However, the principal limitation of these tools is their potential applicability to specific races and ethnicities. Consequently, the International IgAN Prediction Tool developed by Barbour et al. [8]. using a large population of 3927 biopsy-proven IgAN patients from different races and ethnicities is widely utilized in clinical practice. This tool provides predictions of ESKD as a percentage at a maximum estimated time of 7 years. However, it is important to note that IgAN is a long-term disease and many patients develop ESKD ≥2 decades after the kidney biopsy [23].

MACHINE LEARNING APPLICATIONS

Big data analysis can be conducted using data mining algorithms, which encompass supervised, unsupervised and semi-supervised learning approaches. Various methods such as classification techniques (e.g. logistic regression, decision trees, naive Bayesian methods, neural networks and support vector machines), clustering techniques (e.g. k-means, principal component analysis and self-organizing maps) and linear regression analysis can be employed for analysing big data. Prior to the analysis, the dataset is divided into a training set and a validation set using a bootstrapping method. Subsequently, the obtained data are tested on an independent external cohort of patients to validate the model's performance. Accuracy, sensitivity, specificity, receiver operating characteristics (ROC) curve, precision, recall, F-measure, number of positive predictions and false positive predictions are common metrics used to evaluate the tool's performance.
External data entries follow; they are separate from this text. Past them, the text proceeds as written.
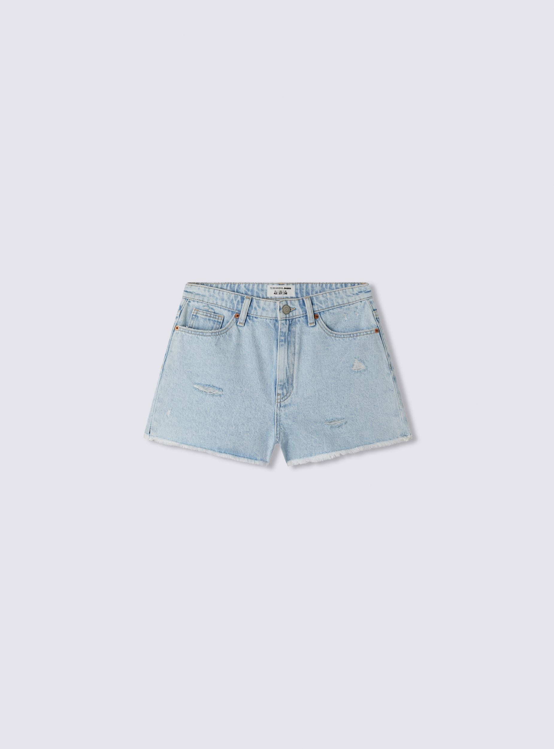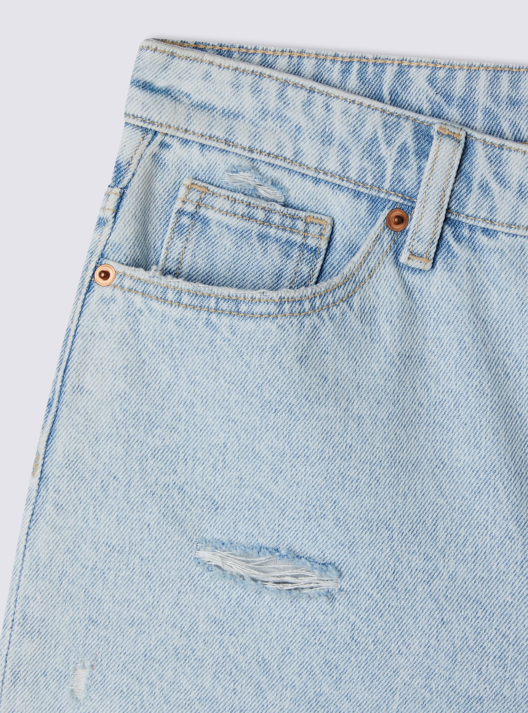 Pantallona të shkurtra për gra në stilin mom, me larje denim të lehtë, perfekte për një pamje freskët dhe në modë. Mbyllja me buton dhe zinxhir garanton një përshtatje komode, ndërsa rripat në bel lejojnë shtimin e një brez për një prekje personale. Modeli me pesë xhepa ofron praktikë, ndërsa të voglat grimca dhe fundi i çarë japin një efekt të vjetër dhe modern. Ideale me një t-shirt dhe sneakers për një veshje të rastësishme, ose me një top të ngushtë dhe sandale për një pamje më femërore dhe në modë.Detajet
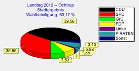 Die Wahlbeteiligung lag in Ochtrup mit 63,2 % um 1,3 % höher als bei der letzten Landtagswahl (61,9%), somit war die Wahlbeteiligung entgegen dem Landestrend noch über der Marke von 60 %.
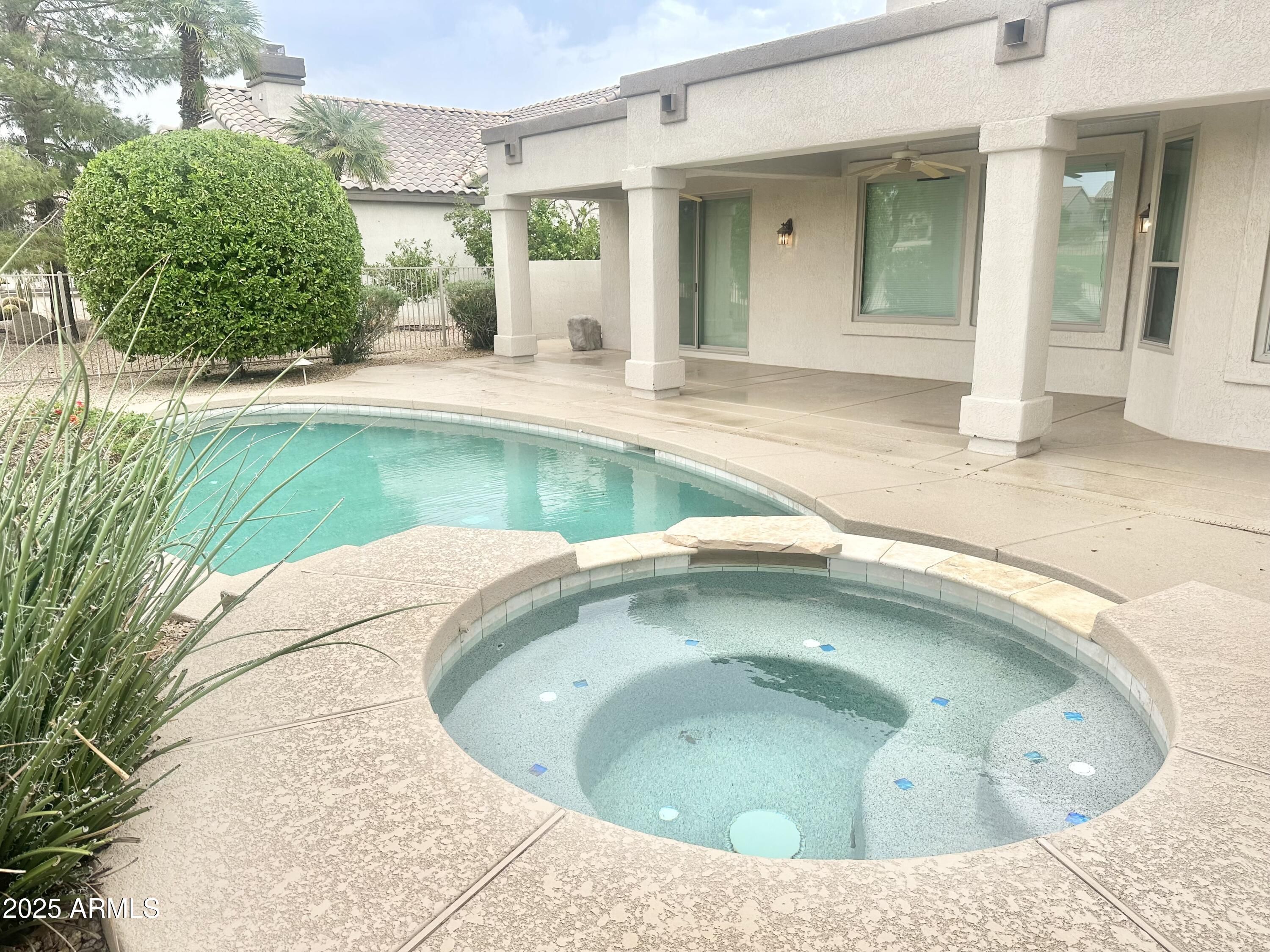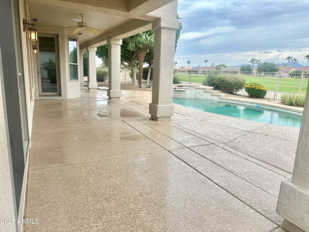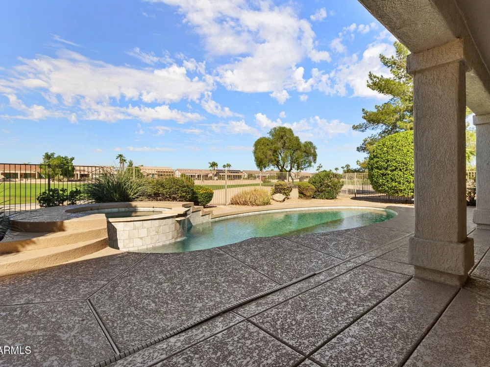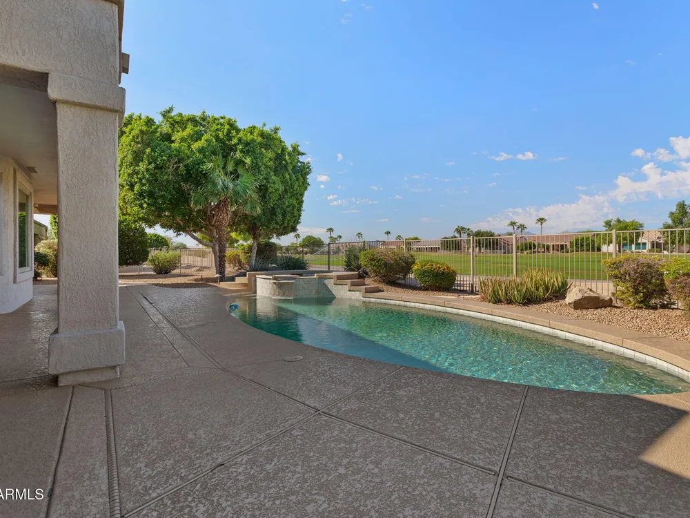 Live the golf lifestyle in Sun City Grand! This beautifully appointed 3 bed 3 bath split floorplan home offers stunning golf course views and resort-style relaxation from your own backyard +stunning sunset views of the White Tanks. Inside, soaring ceilings and sophisticated finishes create a light airy ambiance. Featuring two spacious primary suites. Enjoy outdoor living with a large covered patio, Cool deck around pool & spa area + pool drained and chemically washed in 2025. Low E Windows throughout! Perfect as a winter retreat or second home, this residence offers effortless lock-and-leave living in one of Arizona's most desirable active adult communities. Experience active adult living with championship golf, dining, and premier amenities. Prestine Pool Services has been working on this property/pool since 2022 33' pool with attached elevated spa 2023 Heater Replaced 2024 Pop-up heads were repaired/replaced 2025 Jan - pool was emptied and acid washed 2025 New GFI was installed with cover
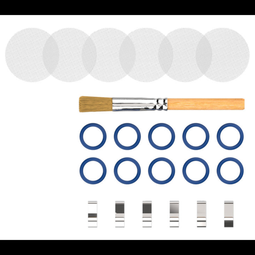 Kit Includes: Multiple silicone rings, mouthpiece parts, and other wear components
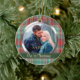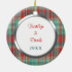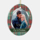This holiday keepsake ornament features your own photograph within a Christmas red and green plaid pattern frame which has an inside silver lining. A green banner holds your customised text; make it say whatever you'd like! The other side has the same plaid border with additional text on the white interior. An elegant and festive keepsake gift for newlyweds or any couple.
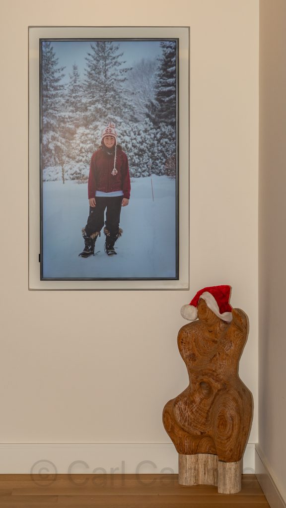 Of the recent gatherings we have hosted, preparation for this one seemed easy by comparison. I steam-roasted a large turkey breast, and Jeanine added holiday decorations throughout the house. She called me to the front hallway to photograph our digital picture frame, which was displaying a picture of young Maya in a tasseled winter hat. This, only moments after she had placed a Santa Claus hat on one of my mother’s sculptures, creating an admittedly humorous juxtaposition.

Machine learning algorithms are models that learn to perform tasks or make decisions automatically based on the available data. The spectrum of machine learning applications ranges from classic machine learning approaches to deep learning. These applications have the potential to generate valuable tools for the modern healthcare system. It is crucial that these algorithms ensure robust and valid decision making in clinical practice, as their outcomes can significantly impact patient care.

ESKD PREDICTION

Table 1 provides an overview of different AI-based models used for predicting ESKD in patients with IgAN.

Table 1:

Data used to develop AI models predicting ESKD in patients with IgAN

Author Population Race Patients, n FU (years) Variations, n Training set, n Test set, n Validation test MLA Accuracy (%) Task model Limitations Prediction (years)
Geddes et al. [24] A Caucasian 54 7 7 6 Ns ANN S (86.4) NO KB 7
Pesce et al. [26] A Caucasian/Asian 1040 ND 7 830 210 5 Ns ANN AUC (91.6) CDSS KB
classification
8
Schena et al. [1] A Caucasian 948 7 7 758 190 167 pts ANN AUC (82) Dial Check Only Caucasians 10
Hou et al. [30] A Asian 730 7 511 219 No BP-ANN AUC (88) No Only Asians
Liu et al. [31] A Asian 262 4.6 8 No RFM AUC (96) No Only Asians
Chen et al. [32] A Asian 2047 8 10 1022 1025 pts XGBoost C stat (89) Yes Only Asians
Zhang et al. [33] C Asian 1167 16 XGBoost AUC (85) No Only Asians 5
Li et al. [34] A Asian 2047 7.9 10 1022 1025 pts XGBoost-Surv C stat (82) No Only Asians

A: adults; C: children; FU: follow-up; MLA: machine learning algorithm; ND: not done; Ns: nephrologists; pts: patients; S: sensitivity; C stat: C statistic; BP-ANN: back propagation ANN; RFM: random fast model.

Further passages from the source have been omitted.